Work request.
Repeat each record exactly. Any picture gets left out.

Exercise data.
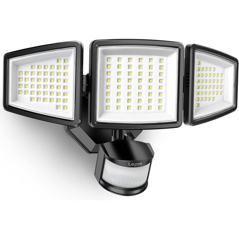 Lepro LED Security Lights, Outdoor Motion Sensor Light, Flood Lights with 3 Adjustable Heads, 270° Wide Lighting Angle, 27W 3200LM Super Bright, IP65 Waterproof for Yard Porch Garage, White(Black)
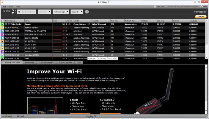 Vào ngày bộ định tuyến của bạn được thiết lập, nó sẽ tự động phát hiện kênh ít đông đúc nhất và đặt kênh đó làm mặc định. Tuy nhiên, với sự xuất hiện của những người hàng xóm hoặc văn phòng mới gần đó, tình hình có thể thay đổi nhanh chóng: Đột nhiên, một kênh có thể được một số bộ định tuyến sử dụng trong khi những kênh khác bị bỏ hoang. InSSIDer là người trợ giúp nhỏ của bạn: Công cụ phân tích toàn bộ phổ Wi-Fi và cung cấp cho bạn thông tin chi tiết về mạng gia đình cũng như việc sử dụng kênh.
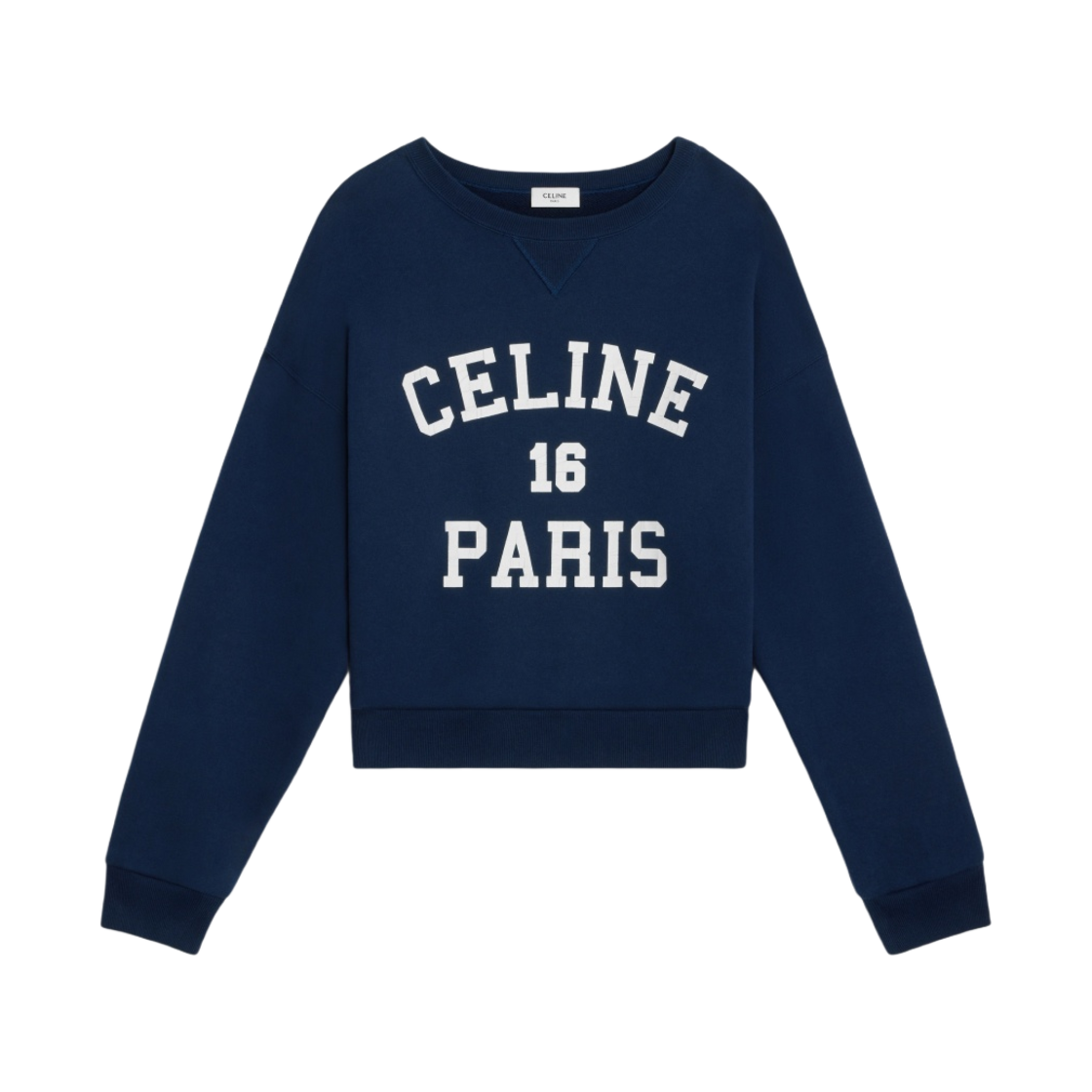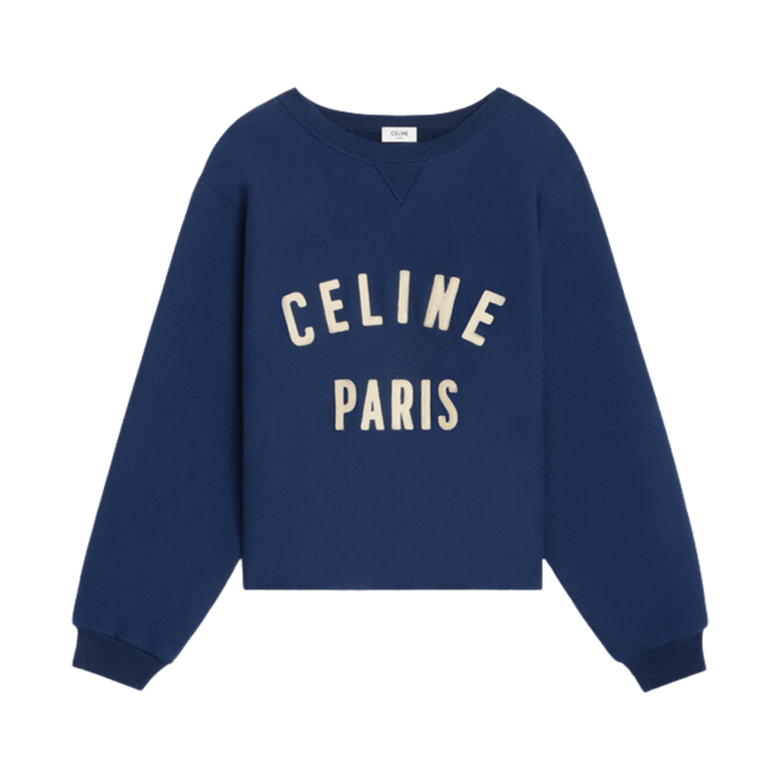 셀린느 코튼 플리스 레귤러 스웨트셔츠 네이비 에크루
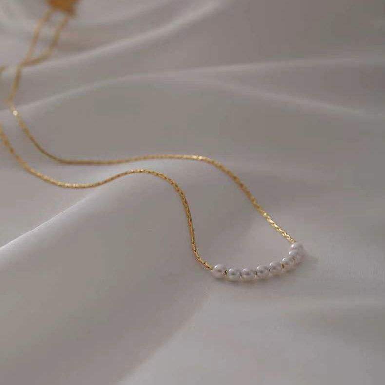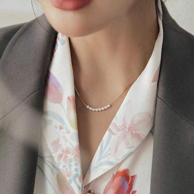 สร้อยคอมุกน้ำจืดสไตล์มินิมอลเกาหลี ดีไซน์หรูหรา น้ำหนักเบา สายคล้องคอ ดีไซน์ระดับไฮเอนด์ ใช้งานได้หลากหลาย
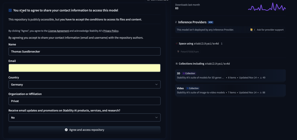 Stable Diffusion and Stable Video Diffusion models are hosted on Hugging Face. You need read access to download the models.

Answer for this exercise.
 Lepro LED Security Lights, Outdoor Motion Sensor Light, Flood Lights with 3 Adjustable Heads, 270° Wide Lighting Angle, 27W 3200LM Super Bright, IP65 Waterproof for Yard Porch Garage, White(Black)
 Vào ngày bộ định tuyến của bạn được thiết lập, nó sẽ tự động phát hiện kênh ít đông đúc nhất và đặt kênh đó làm mặc định. Tuy nhiên, với sự xuất hiện của những người hàng xóm hoặc văn phòng mới gần đó, tình hình có thể thay đổi nhanh chóng: Đột nhiên, một kênh có thể được một số bộ định tuyến sử dụng trong khi những kênh khác bị bỏ hoang. InSSIDer là người trợ giúp nhỏ của bạn: Công cụ phân tích toàn bộ phổ Wi-Fi và cung cấp cho bạn thông tin chi tiết về mạng gia đình cũng như việc sử dụng kênh.
 셀린느 코튼 플리스 레귤러 스웨트셔츠 네이비 에크루
 สร้อยคอมุกน้ำจืดสไตล์มินิมอลเกาหลี ดีไซน์หรูหรา น้ำหนักเบา สายคล้องคอ ดีไซน์ระดับไฮเอนด์ ใช้งานได้หลากหลาย
 Stable Diffusion and Stable Video Diffusion models are hosted on Hugging Face. You need read access to download the models.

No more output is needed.